Grossmont Orthopaedic Medical Group offers same-day surgery for qualified patients. Same-day surgery has numerous benefits. You may know someone who has undergone hip, knee, or shoulder surgery and went home the same day. In the past, surgeries of this significance required at minimum of an overnight hospital stay. Fortunately, with advances in surgical techniques, anesthesia medications, pain management and rehabilitation, some patients can now undergo orthopedic surgery without spending a single night in the hospital.
As of now, only a small percentage of people are candidates for outpatient (also referred to as “same-day”) hip, knee, and shoulder surgery. This is expected to grow as surgeons become more experienced in outpatient surgery and techniques for pain management and outpatient care improve.
The Centers for Medicare and Medicaid services (CMS), the government agency that controls payments for the care of Americans who are enrolled in the program, is expanding the list of authorized orthopedic surgeries that can be performed at outpatient surgery centers.
Advantages of outpatient orthopaedic surgery
- You may be more comfortable recovering at home.
- You will be in a familiar environment with all the conveniences of being at home and having family to help.
- You’ll be able to sleep in your own bed and not be woken up throughout the night by hospital staff for regular checks or from other noises that are part of the hospital environment.
- You will be able to eat your own food.
You’re in control of your medication
- You will be in charge of your pain medication regimen without waiting for medications to be brought to you.
You’re at less risk of infection
- There is less risk of infection by getting out of the hospital environment.
- There is potential cost savings to both you and your hospital.
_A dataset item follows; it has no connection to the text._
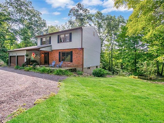 Plenty of living space both inside and out on this 1.5 acre property with a 4 bedroom/2.5 bath colonial. Set back from the road, the property is surrounded by trees and includes a fenced in garden, two playscapes, a shed for yard tools and kayak storage rack. Being walking distance or a short drive to Mansfield Hollow State Park & Boat Launch, this is a great property for the outdoor adventurer. Many updates have been done by the current owners: new roof, Buderus boiler, well pump, Anderson windows on the first floor, refinished hardwood floors throughout, interior painting and more! This house has tons of space! There is a formal living room in addition to a family room with a woodstove on the main level. The kitchen has a pantry closet, breakfast bar and space for a table and is opened to the dining room. A half bath is located in the front foyer. Upstairs there are 4 bedrooms, including the master suite with full bath with a tiled walk-in shower. The lower level offers a huge open heated space with a walkout slider to the back yard, dedicated laundry room, storage room and utility room. So much potential to purpose this room for your needs: playroom, home gym, office, guest space, etc. A large composite deck off the family room overlooks the yard and is a great place for outdoor dining. Plenty of parking with a circle driveway and attached 2-car garage. Convenient location to UCONN, ECSU, and shopping in North Windham & Mansfield Center.

If you have a high insurance deductible or coinsurance payment, you may save a substantial amount of money by skipping the cost of overnight hospital care.
Who can have outpatient orthopaedic surgery?
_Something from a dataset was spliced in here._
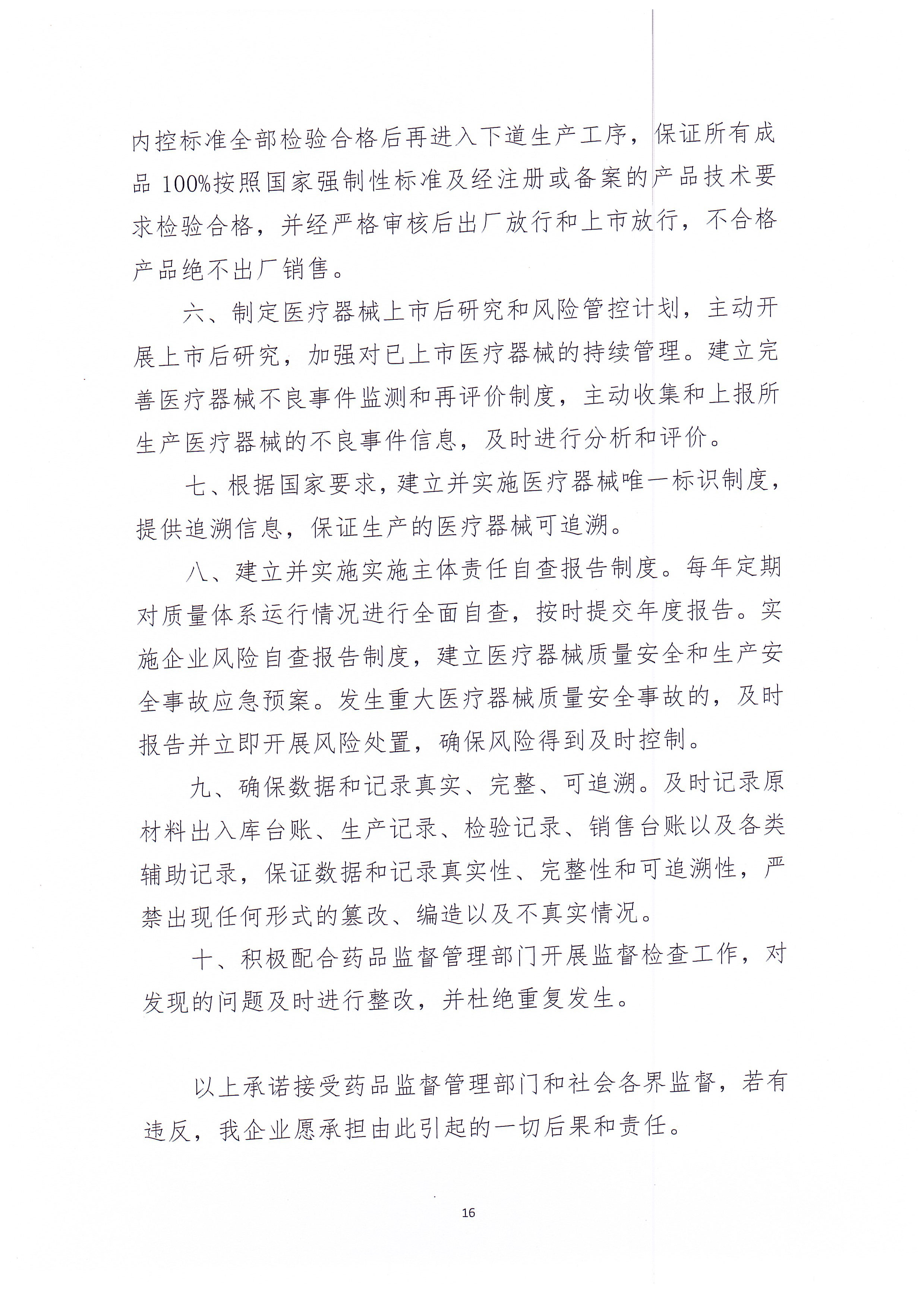醫(yī)療器械質(zhì)量安全主體責任承諾書

If you are healthy and active with no major or ongoing medical problems, then you might be a good candidate for outpatient surgery. Typically, younger patients who are walking without assistive devices (like canes or walkers) before surgery may be good candidates.
Your motivation to get better is a key part of doing well with outpatient orthopaedic surgery, and it is very important to keep a positive attitude. The board-certified orthopaedic surgeons at Grossmont Orthopaedic Medical Group can help you decide if you could be a candidate for outpatient hip or knee replacement surgery.
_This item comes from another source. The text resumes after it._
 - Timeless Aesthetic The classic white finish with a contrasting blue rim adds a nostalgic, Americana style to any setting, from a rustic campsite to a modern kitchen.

Who shouldn’t have outpatient orthopaedic surgery?
If you have a serious medical issue, then it may be best to stay in the hospital for one or two days after surgery to make sure that your medical problems are stable before you go home. Patients with medical conditions such as heart disease, congestive heart failure, poorly controlled diabetes, chronic lung disease, chronic kidney disease, sleep apnea, or who take daily steroid medications will most likely not be candidates for outpatient orthopaedic surgery. The same holds true for patients with balance problems or chronic neurologic disease who have had difficulty walking before surgery. Patients who live alone and have no one to care for them at home are also not candidates.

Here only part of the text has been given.